Top of Record extracts

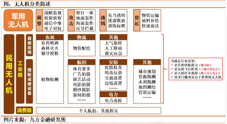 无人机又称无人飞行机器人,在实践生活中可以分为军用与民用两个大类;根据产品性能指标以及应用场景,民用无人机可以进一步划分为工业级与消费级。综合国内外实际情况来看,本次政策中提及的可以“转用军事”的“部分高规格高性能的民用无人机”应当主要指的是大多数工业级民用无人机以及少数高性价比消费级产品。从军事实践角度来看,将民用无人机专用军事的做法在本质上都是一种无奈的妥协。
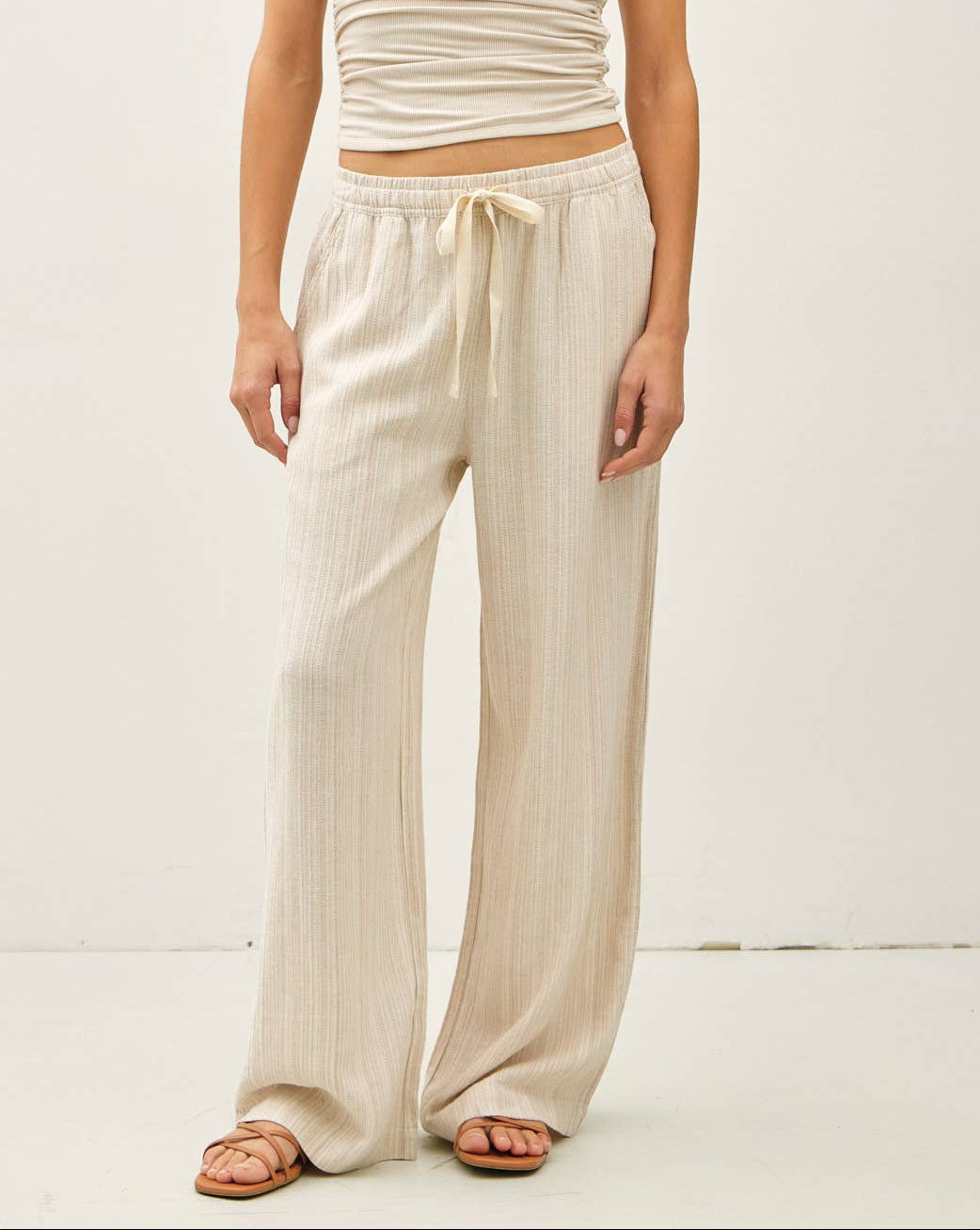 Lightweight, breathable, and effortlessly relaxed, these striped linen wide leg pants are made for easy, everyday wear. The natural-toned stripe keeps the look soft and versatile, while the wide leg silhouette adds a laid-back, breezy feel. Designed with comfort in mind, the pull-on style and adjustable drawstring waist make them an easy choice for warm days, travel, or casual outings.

Bottom of Record extracts
Top of Record extracts

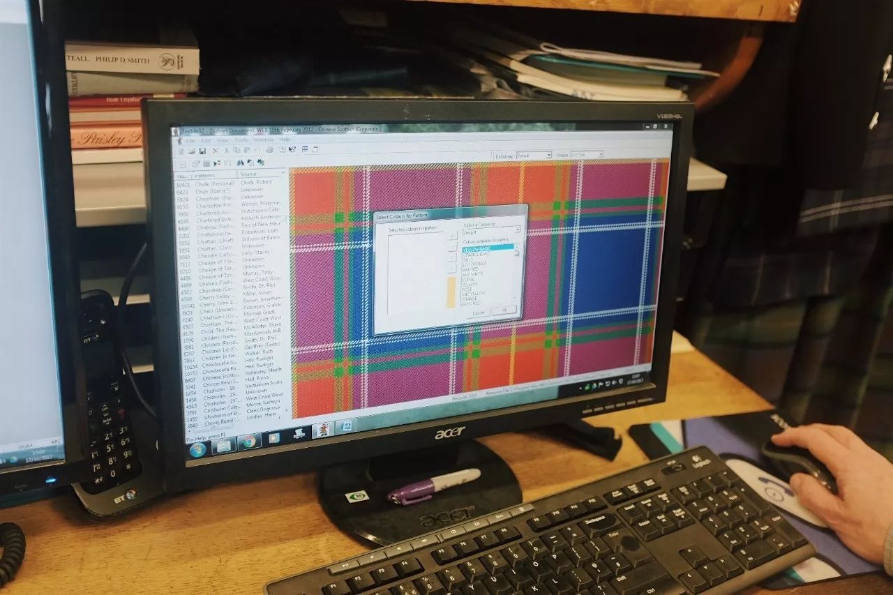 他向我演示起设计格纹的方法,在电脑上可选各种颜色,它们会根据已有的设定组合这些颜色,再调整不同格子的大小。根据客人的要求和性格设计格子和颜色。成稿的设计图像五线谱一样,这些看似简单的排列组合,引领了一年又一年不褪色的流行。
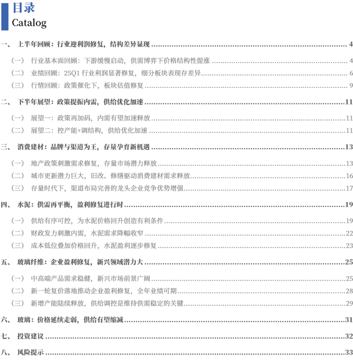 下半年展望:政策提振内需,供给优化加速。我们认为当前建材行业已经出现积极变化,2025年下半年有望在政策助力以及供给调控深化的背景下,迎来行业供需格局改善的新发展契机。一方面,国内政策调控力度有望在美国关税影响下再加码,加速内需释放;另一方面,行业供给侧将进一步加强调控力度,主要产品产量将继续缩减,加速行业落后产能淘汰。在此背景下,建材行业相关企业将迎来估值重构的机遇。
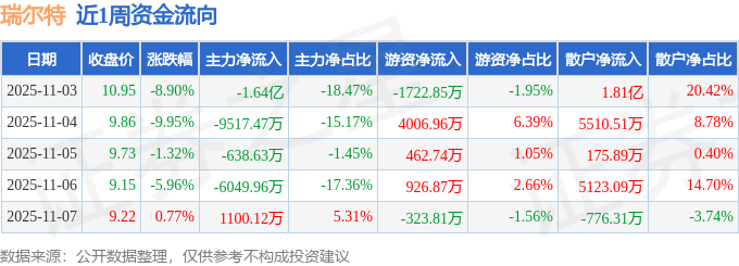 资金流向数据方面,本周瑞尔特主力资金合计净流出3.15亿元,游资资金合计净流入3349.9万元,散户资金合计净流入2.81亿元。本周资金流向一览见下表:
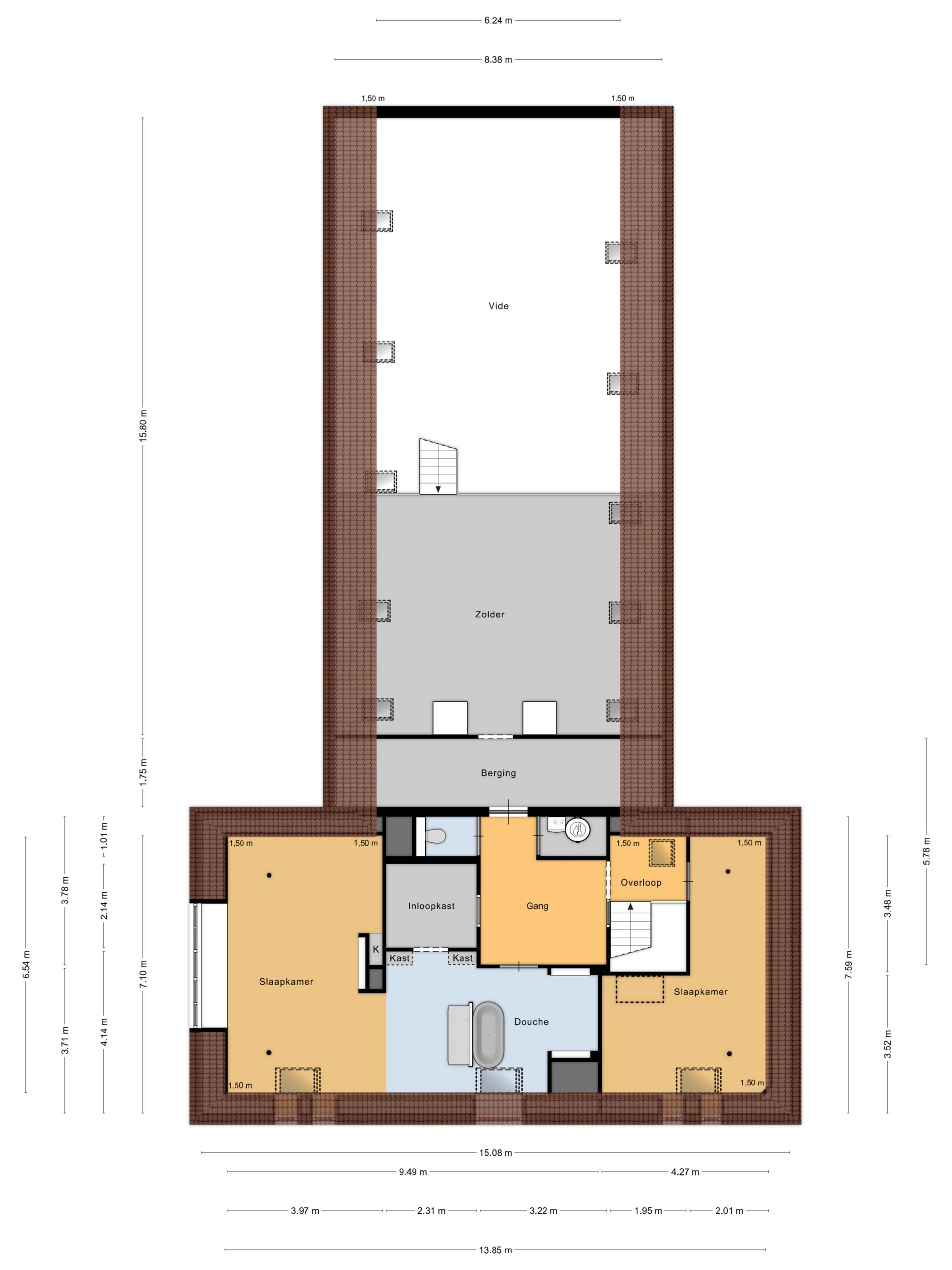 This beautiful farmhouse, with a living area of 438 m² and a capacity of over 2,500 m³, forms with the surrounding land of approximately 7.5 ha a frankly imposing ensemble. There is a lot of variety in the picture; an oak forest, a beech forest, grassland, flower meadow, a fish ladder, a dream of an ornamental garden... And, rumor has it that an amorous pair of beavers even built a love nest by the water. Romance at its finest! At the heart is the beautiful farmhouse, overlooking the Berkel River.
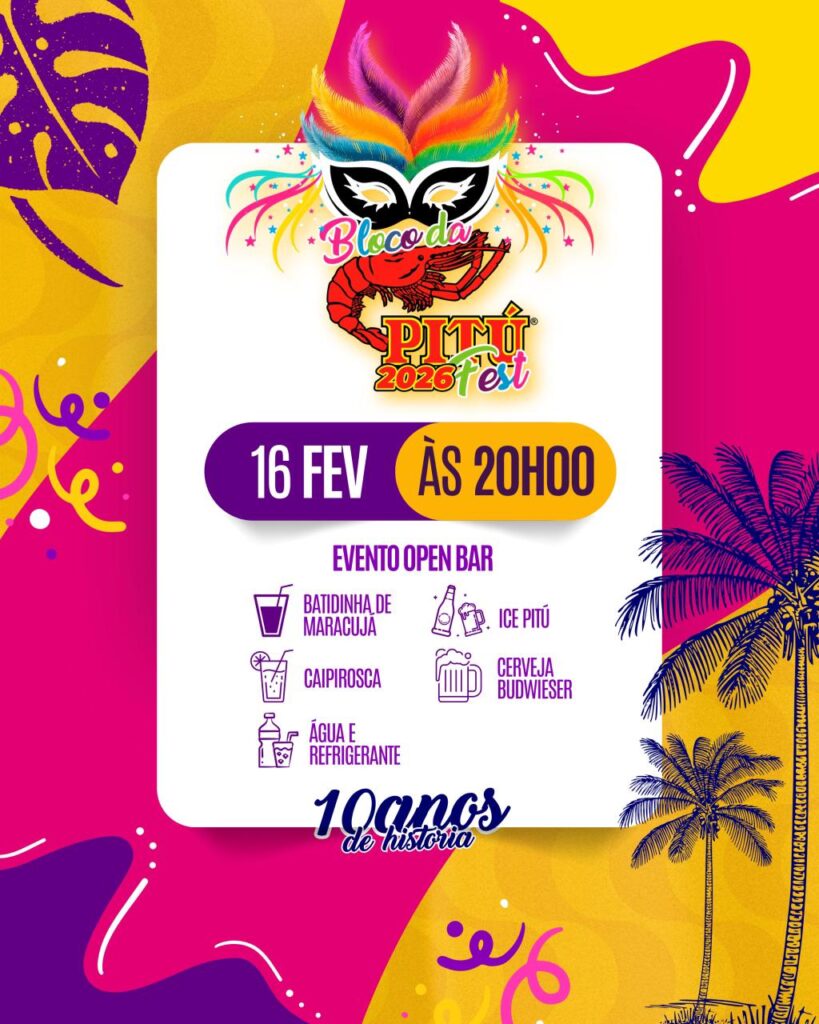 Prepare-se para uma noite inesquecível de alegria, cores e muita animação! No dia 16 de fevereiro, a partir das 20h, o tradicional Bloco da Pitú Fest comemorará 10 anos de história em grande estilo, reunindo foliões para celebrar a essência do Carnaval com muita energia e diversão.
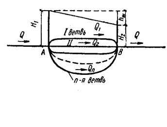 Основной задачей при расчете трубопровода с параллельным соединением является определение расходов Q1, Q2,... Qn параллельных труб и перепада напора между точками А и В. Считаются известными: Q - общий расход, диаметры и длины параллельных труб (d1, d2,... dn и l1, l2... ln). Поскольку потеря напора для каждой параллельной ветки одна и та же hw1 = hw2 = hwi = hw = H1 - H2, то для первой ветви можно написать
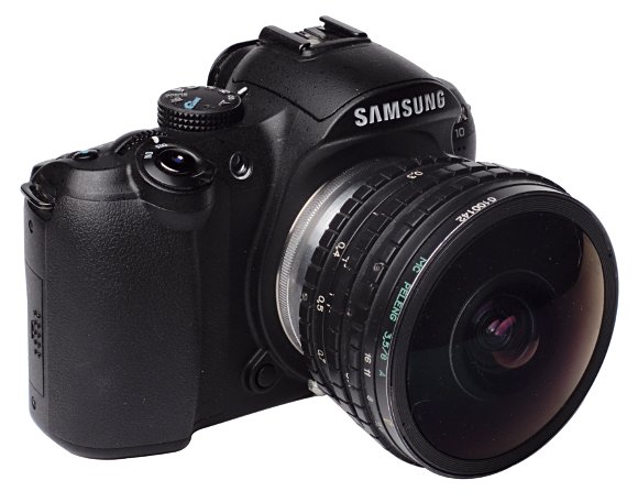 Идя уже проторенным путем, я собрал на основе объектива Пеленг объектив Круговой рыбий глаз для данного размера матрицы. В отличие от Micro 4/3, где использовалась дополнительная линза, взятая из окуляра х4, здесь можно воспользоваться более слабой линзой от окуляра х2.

Bottom of Record extracts
Top of Record extracts

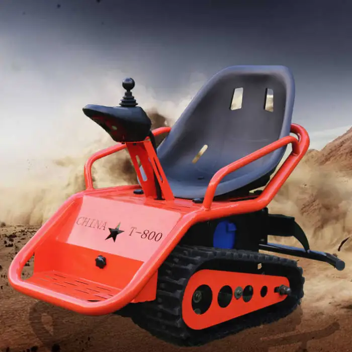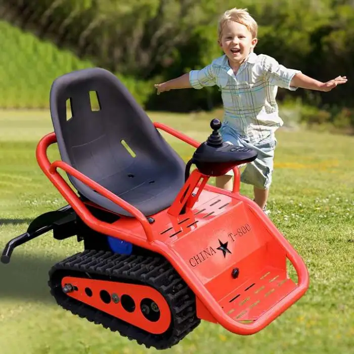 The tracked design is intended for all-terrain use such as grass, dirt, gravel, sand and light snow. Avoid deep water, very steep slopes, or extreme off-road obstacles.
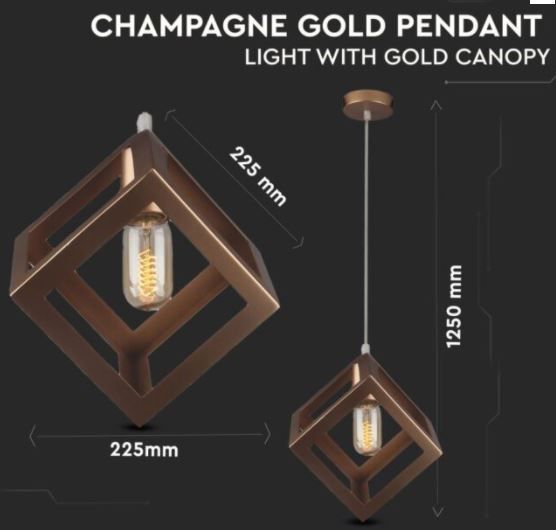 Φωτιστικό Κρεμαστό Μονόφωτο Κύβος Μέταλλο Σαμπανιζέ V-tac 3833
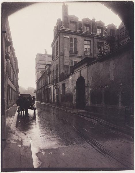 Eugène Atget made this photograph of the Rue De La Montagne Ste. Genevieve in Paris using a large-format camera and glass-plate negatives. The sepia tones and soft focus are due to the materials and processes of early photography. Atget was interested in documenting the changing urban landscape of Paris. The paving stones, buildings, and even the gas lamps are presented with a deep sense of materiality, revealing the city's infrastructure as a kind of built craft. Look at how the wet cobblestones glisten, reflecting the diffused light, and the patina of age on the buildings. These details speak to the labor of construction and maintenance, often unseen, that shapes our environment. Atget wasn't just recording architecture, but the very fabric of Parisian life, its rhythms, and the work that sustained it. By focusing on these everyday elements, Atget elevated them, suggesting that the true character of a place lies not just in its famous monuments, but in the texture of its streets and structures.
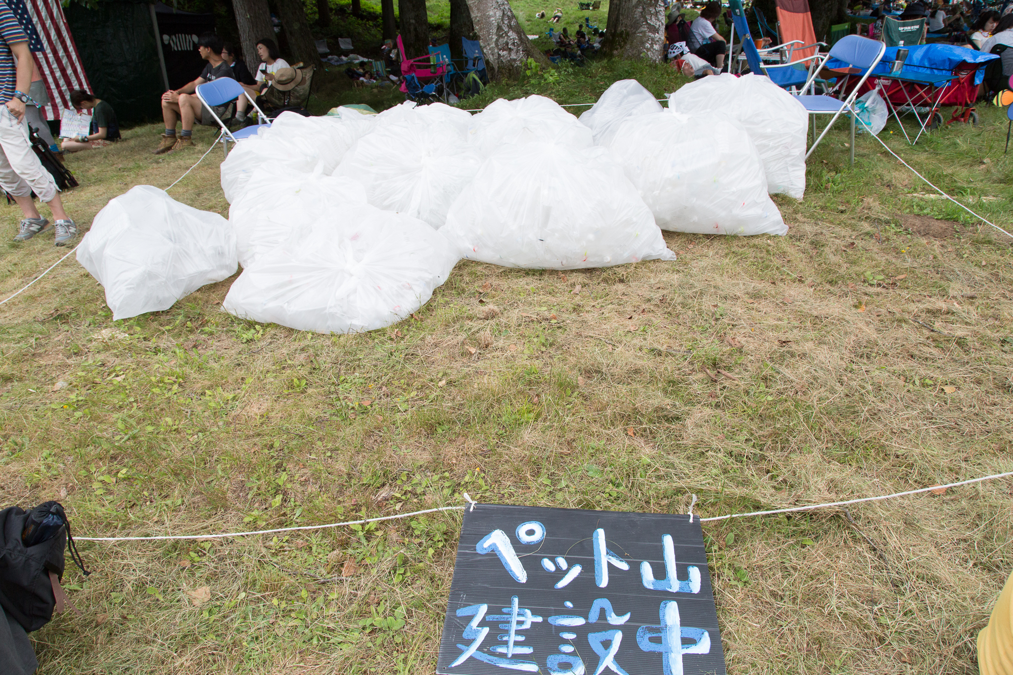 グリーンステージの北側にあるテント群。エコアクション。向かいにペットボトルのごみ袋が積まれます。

Bottom of Record extracts

▸ Instructions to follow
Pictures are to be left out. Write out only the lines above starting at the one with "无人机又称无人飞行机器人,在" and ending at the one with "Lightweight, breathable, and", both lines included, exactly.

▸ Written answer
 无人机又称无人飞行机器人,在实践生活中可以分为军用与民用两个大类;根据产品性能指标以及应用场景,民用无人机可以进一步划分为工业级与消费级。综合国内外实际情况来看,本次政策中提及的可以“转用军事”的“部分高规格高性能的民用无人机”应当主要指的是大多数工业级民用无人机以及少数高性价比消费级产品。从军事实践角度来看,将民用无人机专用军事的做法在本质上都是一种无奈的妥协。
 Lightweight, breathable, and effortlessly relaxed, these striped linen wide leg pants are made for easy, everyday wear. The natural-toned stripe keeps the look soft and versatile, while the wide leg silhouette adds a laid-back, breezy feel. Designed with comfort in mind, the pull-on style and adjustable drawstring waist make them an easy choice for warm days, travel, or casual outings.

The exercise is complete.